Wednesday, October 29, 2008

Daily Hot Flash



  • Fashion has gotten all political. I've become fascinated with the retro-classic style of Michelle Obama. She reminds me of Jacqueline Kennedy and the women who rock the world of Mad Men. This new blog follows the fashions of Mrs. O.

  • Obviously whatever the boys in the band were smoking in the 70s is still effecting their ability to tell the difference between reality and La-La Land. Zeppelin without Robert Plant is just another dinosaur long-haired hippie band from Britain. Don't believe me? Listen to "Kashmir" again...that's what I'm talking about.


  • Are you still trying to decide what to be this Halloween? Saucy pirate or buxom milkmaid? The Los Angeles Times has come up with a top ten list of Halloween costume ideas.

  • Everything old is new again...Counting calories is back in style again. When I was little my mom had a couple of rules about counting calories that I still maintain to this day. First, half cookies do not have any calories. Second, any bites of food stolen off of someone else's plate (my dad was her favorite target) also contain zero calories. I guarantee these two rules will help make your dieting easier, if not a little slower.
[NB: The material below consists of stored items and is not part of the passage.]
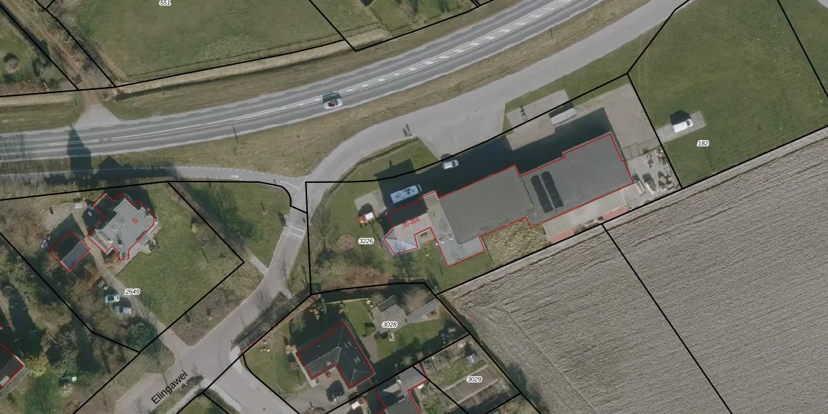 Het perceel waarop Elingawei 20 staat heeft een oppervlakte van 2504 m². Dit is een zeer groot perceel. De perceeloppervlakte wordt geregistreerd door het Kadaster. Gedetailleerde informatie over de maten van dit perceel kunt u vinden in het rapport Kadastrale kaart met maatvoering van Elingawei 20.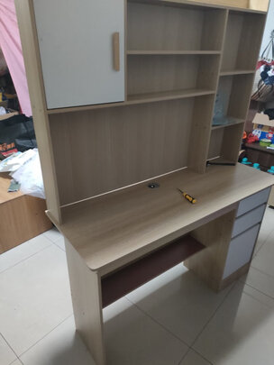 组装很简单,商家还赠送了小工具。桌子整体来说质量挺好的,我是靠墙放着的,特别稳当,挺牢固的。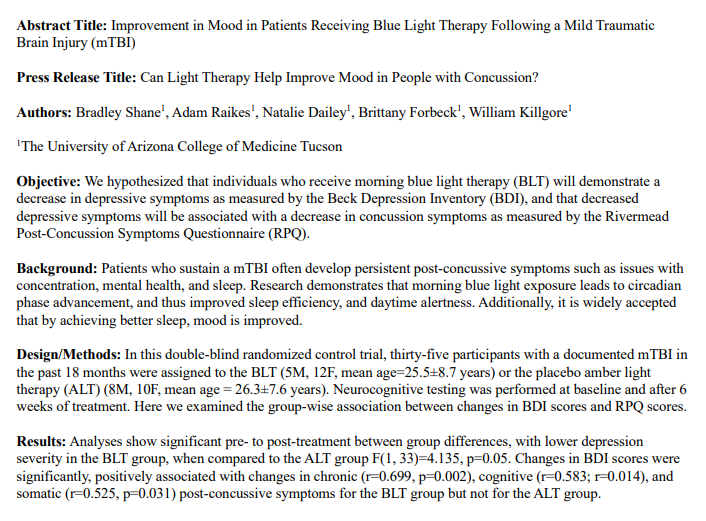 同样,亚利桑那大学的研究人员进行了一项实验,以观察蓝光如何对脑震荡和其他轻度脑外伤患者有益。初步研究涉及35名平均年龄为26岁的受试者,所有受试者在过去18个月内均发过生脑震荡。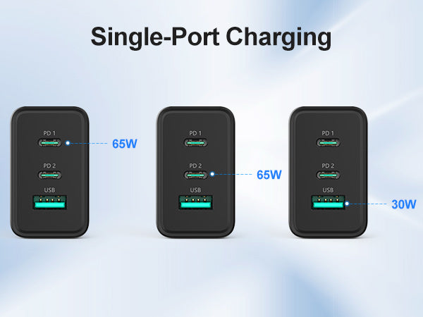 This 65W USB-C wall charger features three ports that allow for simultaneous fast charging of multiple devices, including smartphones, tablets, and laptops up to 65W. Equipped with advanced GaN technology, the charger is more compact, lightweight, and efficient, reducing heat and power consumption for a reliable charging.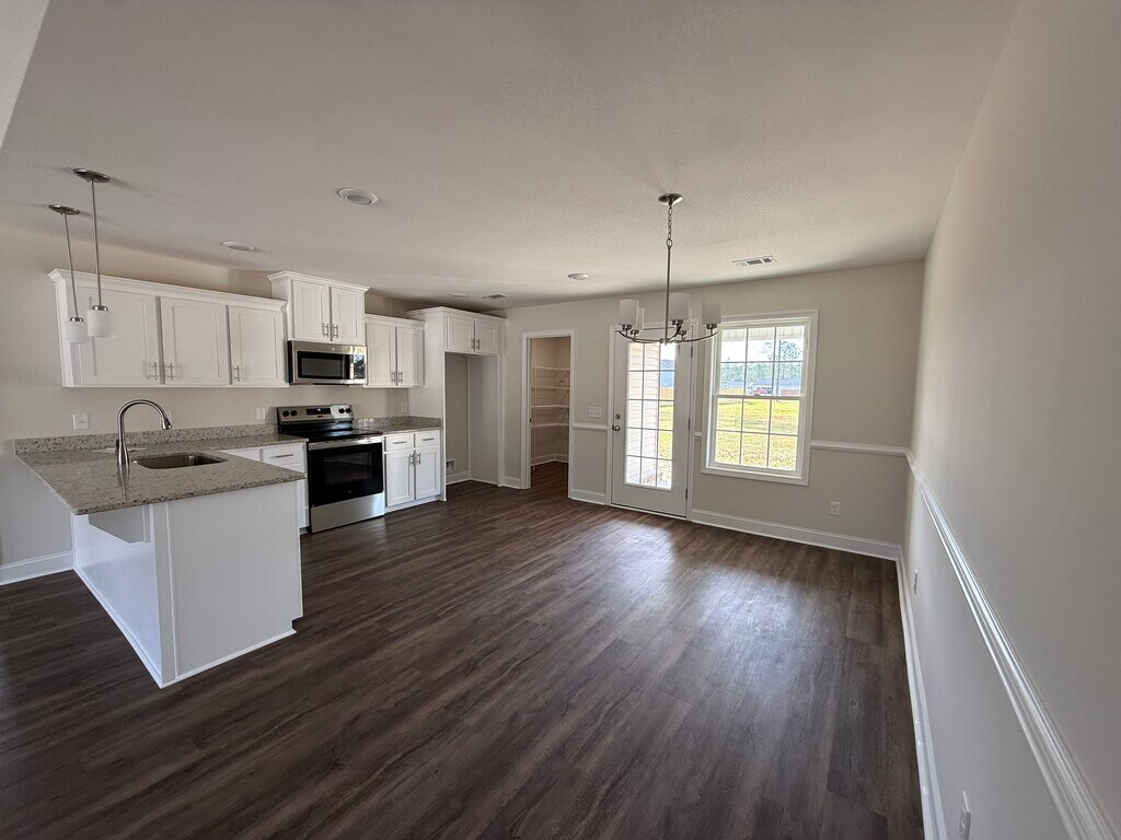 Brand new 4 bed / 2 bath home Desirable River Bluff Community with highly rated Bulloch county schools Open Kitchen and Living room floor plan with an overhang island All new stainless steel appliances Large walk-in pantry LVP throughout main living areas Master suite with large walk-in closet Covered front and back patio Sealed floor, two car garage Quiet, family-friendly neighborhood Conveniently located 10 minutes from Hyundai Metaplant and I-16, 20 minutes to Pooler, 40 minutes to Savannah Video walkthrough available by request

  • Cloris Leachman may have gotten the boot on Dancing With The Stars, but Frau Blucher could be going to Broadway.

Tuesday, October 28, 2008

Cinderellavision

Daily Hot Flash

  • From the department of tell-me-a-little-something-that-isn't-playing-nightly-in-the-privacy-of-my-own-home: we're all losing sleep over the current state of the economy. I vote we all designate one person's house (Does anyone know anyone in Kansas?) as the meeting place. Middle America just seems cozy and most convenient. We can gather there in our jammies for some cocoa and late night chit-chat. If you don't think that'll work, there's always yoga, pilates, a spicy cabernet or, if you can get 'em...prescription drugs.


  • I just love it when real life turns into the plot of a Disney movie. If only for a few minutes, an entire major metropolitan airport is foiled by the hijinks of a poodle.
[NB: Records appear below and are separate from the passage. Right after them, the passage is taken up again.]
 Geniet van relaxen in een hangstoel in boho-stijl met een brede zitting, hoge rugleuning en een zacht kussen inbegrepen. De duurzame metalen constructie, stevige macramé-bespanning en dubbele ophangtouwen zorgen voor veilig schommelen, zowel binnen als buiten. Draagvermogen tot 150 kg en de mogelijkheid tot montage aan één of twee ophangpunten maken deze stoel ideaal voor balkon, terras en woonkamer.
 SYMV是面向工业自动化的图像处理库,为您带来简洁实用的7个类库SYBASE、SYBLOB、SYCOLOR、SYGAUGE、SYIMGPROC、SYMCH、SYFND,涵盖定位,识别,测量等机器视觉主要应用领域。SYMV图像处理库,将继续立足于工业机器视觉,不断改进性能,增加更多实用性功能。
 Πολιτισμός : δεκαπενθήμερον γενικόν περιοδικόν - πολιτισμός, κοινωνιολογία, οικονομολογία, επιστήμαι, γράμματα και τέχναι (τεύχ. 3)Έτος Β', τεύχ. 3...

  • One of my favorite children's books ever -- Walter the Farting Dog -- is coming to the big screen.

  • I was watching the other day when MSNBC commentator Chuck Todd made a reference to Shakespeare in his election coverage. And I'm still watching...

  • Meet Amy Adams. I believe she's a force to be reckoned with in Hollywood.

Monday, October 27, 2008

Daily Hot Flash

  • Some people love Halloween a little too much.

  • Did this women's mother teach her nothing? What kind of man can bring home the bacon when he can't even roll out of bed to get married? I guess I should have some sympathy for a 38 year-old bride...she's getting to that point when that constant ringing in your ears is your biological alarm clock. I'm not sure how she's going to...well, I'm gonna keep it a family show and say at least she's marrying a Guiness Book of World Records winner.

  • Morning sing-a-long: Tea for two....Two for tea..Me for you...and you for me.